Most traders are essentially dopamine-addicted gamblers masquerading as professionals. They sit in front of their screens, eyes glazed over, chasing every flicker of a one-minute candle as if it were a divine revelation. It’s pathetic, really.
If you’re wondering why your account looks like a crime scene, the answer isn’t your strategy; it’s your lack of basic emotional hygiene. You simply trade too much.
The average retail trader is addicted to noise. You believe that more activity in your trading equals more profit. It doesn’t. In the world of high-stakes trade management, activity is often the enemy of performance. You spend your day staring at 5-minute charts, convinced that every tiny wick is a “set-up.” It’s not a set-up; it’s a distraction designed to separate fools from their capital.
I focus on high timeframe trading—the daily, weekly, monthly, and quarterly zones. Why? Because that is where the institutional imbalances live. Everything else is just static. If you can’t look at a chart without feeling the itch to click “buy” or “sell,” you aren’t a trader; you’re a victim of your own neurochemistry.
Your trading mindset is likely split between two warring factions: your analytical brain, which knows the rules to place high probability trades, and your emotional ego, which needs to be “right” right now.

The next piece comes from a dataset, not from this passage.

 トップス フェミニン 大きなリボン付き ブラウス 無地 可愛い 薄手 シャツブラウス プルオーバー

We live in a world of instant gratification. You want the Tesla, the watch, and the 400% return before lunch. But the markets don’t care about your timeline. Professional trading psychology is built on the realization that the market rewards patience and punishes urgency.
During a recent webinar, I used a simple analogy: a broken glass. Once a supply and demand zone is overshot by even a single pip, the “glass” is broken. It doesn’t matter if it looks “mostly” okay. Professionalism requires the discipline to walk away from a broken setup, yet most of you will try to glue the pieces back together and call it a trade. That isn’t trading; it’s delusion.

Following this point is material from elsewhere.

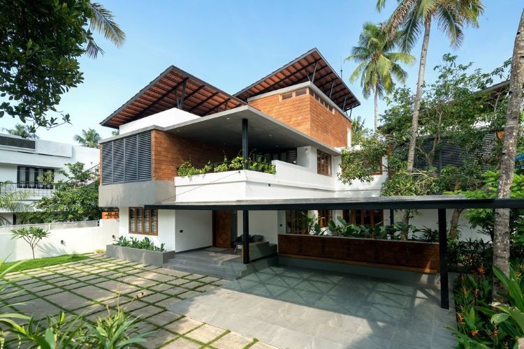 Bentuk rumahnya dibuat seperti kotak bertumpuk tanpa aturan. Namun hal tersebut tidak membuat rumah terlihat berantakan justru membuatnya bernilai seni tinggi.

If your trading is exciting, you’re doing it wrong. Professionalism is boring. It consists of waiting—sometimes for weeks—for price to hit a specific location.
Look at the recent analysis I did on Nike (NKE). Positive earnings came out, and what did the retail sheep do? They bought the “good news.” What did the stock do? It dropped 12%. Why? Because it was at a supply level. The news is just the catalyst that the big players use to get the liquidity they need to move price where they actually want it. If you aren’t trading the imbalance, you are the imbalance.
To fix your mindset in trading, you must stop seeking emotional certainty and start seeking probability.
The market is a machine that transfers money from the impatient to the patient. Which side of that transaction do you want to be on?
Decide now, or keep donating your account to those of us who have the grace to wait.